La mesa de mi cuarto estaba llena de papeles. Se que debería limpiarla, o a lo sumo lo que uno dice “acomodar”. Pero olvidé las estructuras en algún lado que no recuerdo.Para colmo, el viento, se cuela por la ventana y sin pedir permiso me vuela las hojas ya de por sí desordenadas. Por dentro puteo y maldigo, pero sé que echarle la culpa a este sería una locura.
-¡Una locura!
-¿Cómo voy a echarle la culpa de mis desgracias a este fenómeno climatológico?
Por dentro me reía ya conciente de que la culpa era mía y absolutamente toda mía. Que debía en forma urgente decidir que iba a hacer con todos esos escritos que pedían a gritos un digno lugar para el descanso a merced de la intemperie y los posibles derroches de infusiones.
¿Quién diría que un domingo me encontraría aquí encerrado debatiendo conmigo mismo? Pensé en todo aquello que cancelé por acomodar una mísera mesa (por que ni siquiera el cuarto debía acomodar) y volví a tentarme con una de esas risas de nervios que son inevitables. Dejé de ir a la plaza a leer el periódico o charlar con aquella dama que supongo me arroja flores de vez en cuando, cancelé un partido con los muchachos que hacía tiempo no los veía y como para ponerle la frutilla al postre me recluí en casa y tomé esta mísera tarea del hogar como una cuestión casi patriótica.
Las horas pasaban y el día oscurecía, y fue allí cuando comprendí que el problema no era la mesa desacomodada. Ni si quiera el viento que soplaba por la ventana. El problema era que aquellas hojas, que desordenadas ocupaban todo el mueble de roble, me rememoraban a ti…a mi y a nosotros.

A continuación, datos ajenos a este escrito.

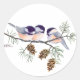 CHICKADEES & PINECONES by SHARON SHARPE Classic Round Sticker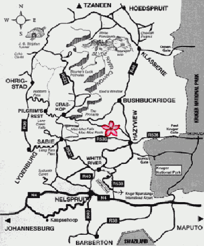 The lodge is situated 12 km from Hazyview, close to scenic drives
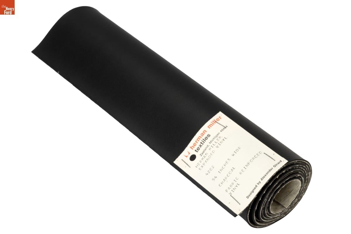 herman miller / textiles / Zeeland, Michigan 49464 / HERMAN MILLER / EXPANDED VINYL / 4202 / 54 INCHES WIDE / CHARCOAL / FABRIC REINFORCED / VINYL / Designed by Alexander Girard
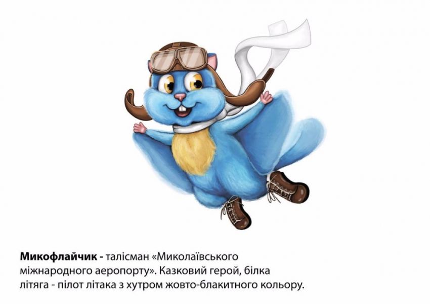 — Знакомьтесь, это — Микофлайчик. Прототип талисмана Николаевского аэропорта. Микофлайчика нам предлагают взять за основу для нового бренда предприятия. Это фантастический герой, пилот гражданской авиации – белка летяга. По задумке авторов, Микофлайчик, должен стать гидом для пассажиров и сопровождать людей от момента первого знакомства с аэропортом. Как пример, Микофлайчик может рассказывать о жизни предприятия в социальных сетях, и давать рекомендации, как удобнее и выгоднее всего покупать билеты. Он может жить в интернете, а оффлайн реализован на рекламных материалах и в виде плюшевой игрушки для самых маленьких пассажиров, сувенирных магнитов и т.д. Друзья, как вам? Может у кого будут ещё идеи?, — написал и.о. директора аэропорта.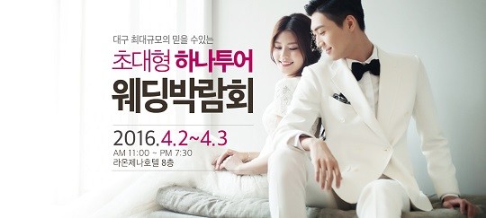 이번 대구웨딩박람회는 라온제나호텔에서 오는 4월 2일 (토요일) ~ 4월 3일 (일요일) 까지 진행된다. 미리 사전참가 신청 후 방문할 경우 고급 스타벅스 텀블러, 커플 마사지권 등의 사은품이 제공된다.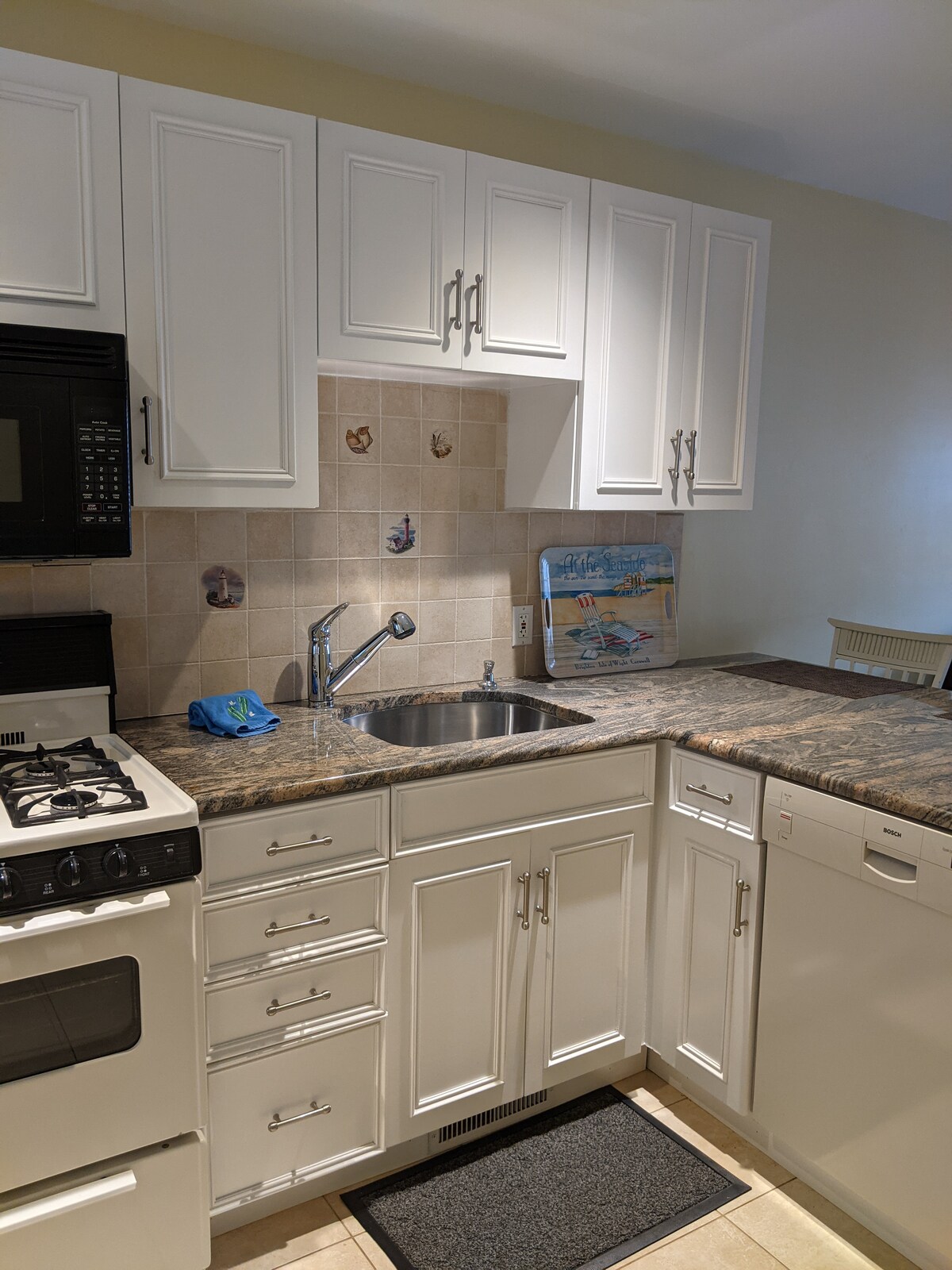 Recién renovado, este soleado apartamento de 2 dormitorios y 2 baños cuenta con acogedora chimenea de leña, aire central, increíbles vistas al mar con patio, tenis, piscina, estacionamiento, barbacoa y lanzamiento de playa para deportes acuáticos. La cocina está equipada con todas las necesidades de cocina y repostería. Refrigerador de vino, Kuerig, prensa francesa. Incluye TV con pantalla ancha, Sonos, WIFI de 1 gig, impresora HP todo en uno. Tranquilo barrio arbolado a 2 manzanas de todo lo que ofrece Greenport. ¡Incluye muelle para barcos!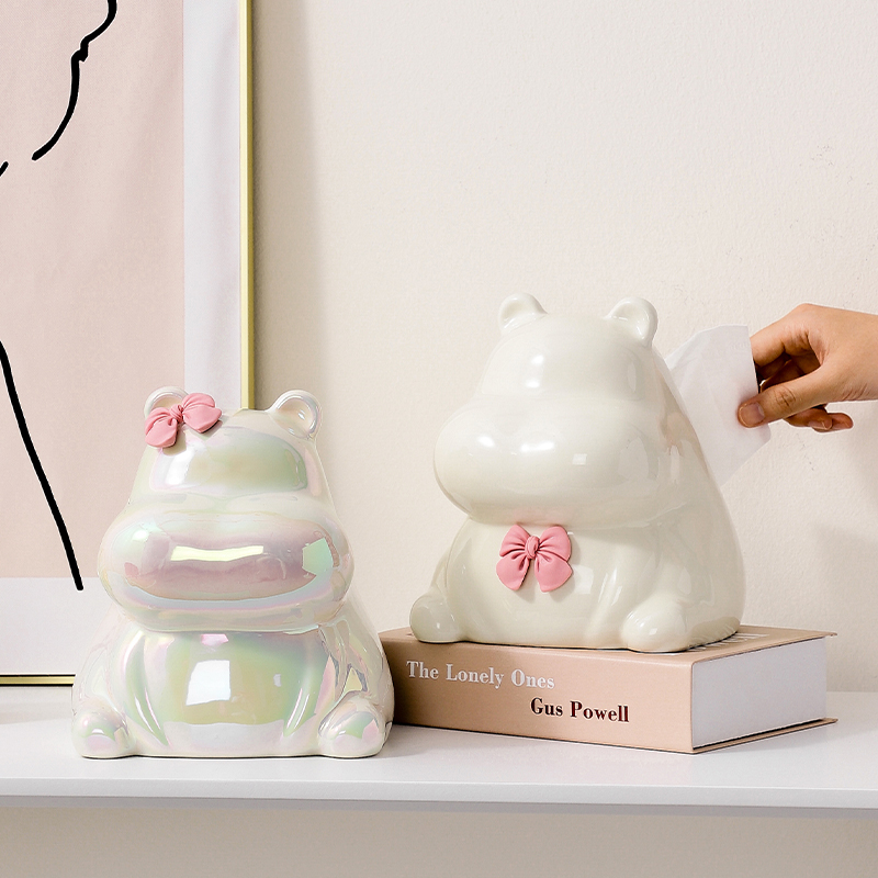 速发创意河马小众件级感饰巾盒客厅家用轻奢装纸品摆高抽纸盒礼物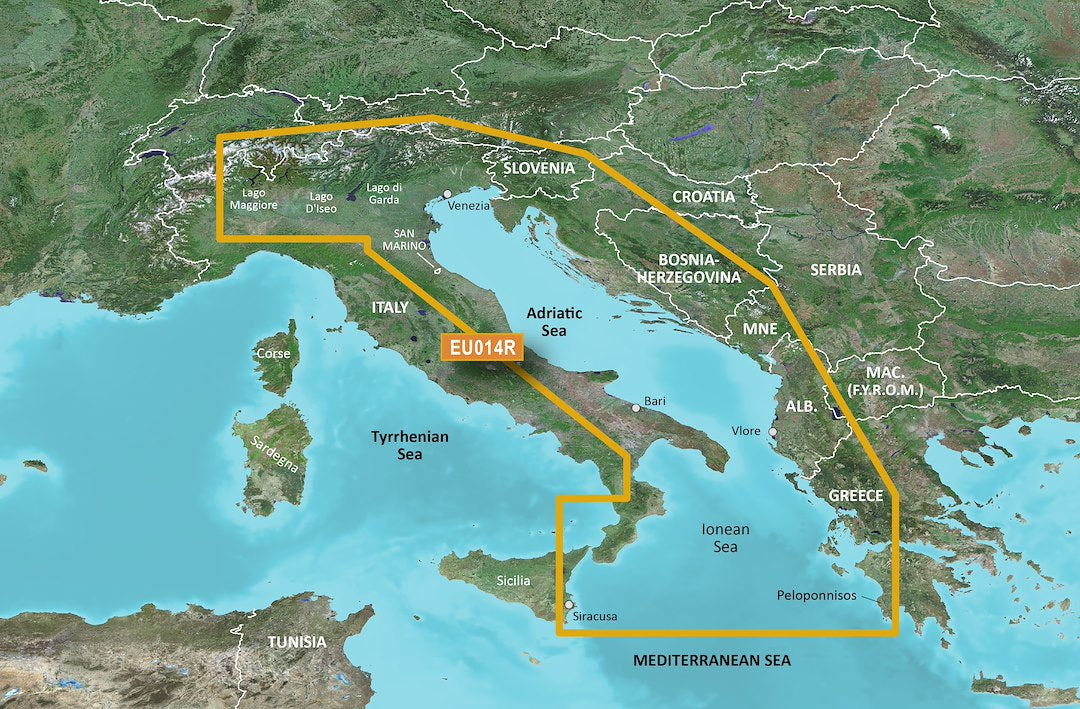 Compatible With Chart Plotters; Region Code: VEU014R; Detailed Coverage Of Italy And Adriatic Sea; On SD/Micro-SD Card; With Integrated Garmin/Navionics Content Auto-Guidance High-Resolution Shading 3D Views Shaded Relief Satellite And Aerial Imagery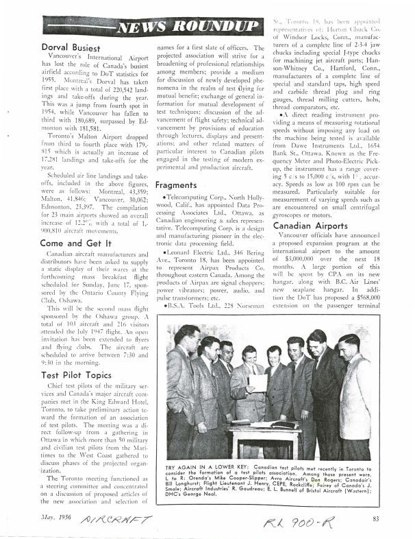pg 83 - Try again in a lower key: Orenda's Mike Cooper-Slipper and Avro's Don Rogers attend test pilots meeting considering the formation of a test pilots association. with photoGeneral Notes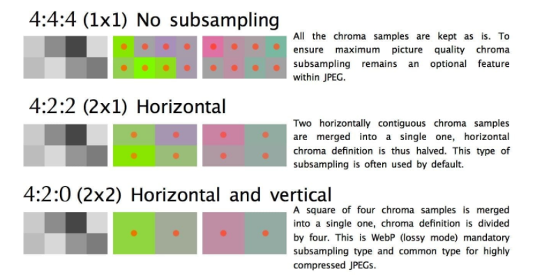 通过减少色度分量中的像素,可以显着减小色彩分量的大小,最终减小字节大小。

Quizás (y seguro que fue así) busqué agentes externos a quien inculpar del desorden o excusas para no ordenar los manuscritos y las fotos. Pero se que tarde o temprano debía hacerlo y que mas allá de mi actitud, de guardarlos o dejarlos sobre una mesa tú ya no volverias.
Una lágrima se escapó de mis ojos y un suspiro de mi boca.
Tomé una caja y guardé cada uno de los papeles, cada una de las fotos y cada uno de los recuerdos, para quizás, no abrirla nunca más.
La mesa al fin quedó ordenada. Y yo, un poco mas tranquilo, me fui a dormir.